I get an e-mail response to an ad. We e-mail for three weeks (kinda sparse on his end til the last week). He won't use phone cause he's "shy" and doesn't know what to say during a lull in conversation - would rather e-mail, then he has time to get his thots together. Three times he suggests a date and time to meet. I have other plans and suggest an alternative date and time; he doesn't take me up on them. Final time he suggests time and date - I'm available and say, "sure, yeah!" One minute later he's e-mailing a hissy fit cause he noticed my original ad (at craig'slist) had been updated three days before, so he accuses me of being a player and he's "out!" Say what??!! Did he think we were "exclusive" after only 10 (or less) e-mails, no phone calls, and we hadn't even met yet! Or do some guys who actually get a "let's meet" response freak and find an excuse to back out? I'm confused. I asked him why and what he was thinking, but no response. Yes, I realize I'm better off knowing that he's got some "issues" before meeting him and I'm OK with most of this, but I'm just sooo cornfuzzeled about why it even happened!!! (I'm new at this forum stuff and I've never asked for help before, so be gentle!)

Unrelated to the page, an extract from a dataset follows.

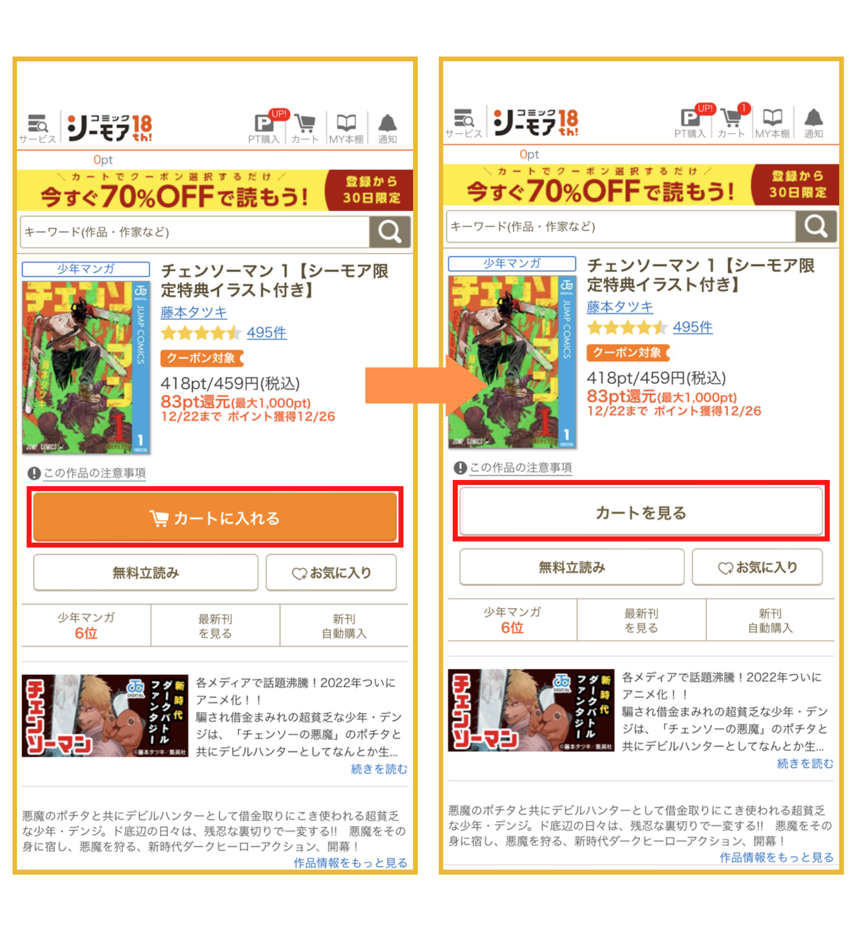 コミックシーモア公式サイトで読みたい電子書籍を探し、「カートに入れる」→「カートを見る」の順でをタップします。

It doesn't sound like you are over-reacting to me. I have seen things like this before and had something similar happen to me about a year ago. And if he is "testing the waters" like thenextstep thinks, then that's way too gamey for me. Better to find out this guy's got some problems before you meet him than after you might have gotten involved. You might even thank him for being so transparent and showing you his big flaws early in the game!
You may all be over-reacting, drawing conclusions all over the place. What if he is testing the waters at this stage to see what your reaction would be, eg whether you will resort to cursing? Many a good relationship have had bumpy starts.
I agree with jjiggl 100%! God gave us that little small voice inside us for a reason and we need to use it! I have encouraged so many women on here and in real life to pay attention to every little detail. Ask a lot of questions and pay attention to the answers. Ask the same questions different ways to see if he is consistent. Bottom line... if a man (or woman) won't let you call them at home, they are most likely married. If they get upset too easily over something trivial, they are probably married. If they keep making excuses for not meeting or stand you up, they are probably married. Just speaking from experience. But there are a lot of great guys on this site... you just have to weed through the jerks to find them. Don't judge every man by the men who have hurt you or disappointed you.... after all, you wouldn't want them to hold you accountable for every woman who every hurt them. Good luck sweetie!
I think that he was married and when you finally nailed down a time and date to meet, he had to come up with an excuse.
From being here a while and reading the forum and blogs, I have found that it is best to follow your first mind when it comes to meeting anyone here. Not just in meeting them, but also follow your first mind and don't let anyone waste your time. If you feel suspicious about anyone or anything, your best bet is to go with that feeling. Pay heed to red flags, too. Too many posts have contained the words, "I thought that something was strange...", or "I had a feeling..." or "I wanted to give him the benefit of the doubt..." after someone has gotten burned.
But all in all, this is a great site to wander around in. There are some very nice, funny and great people here.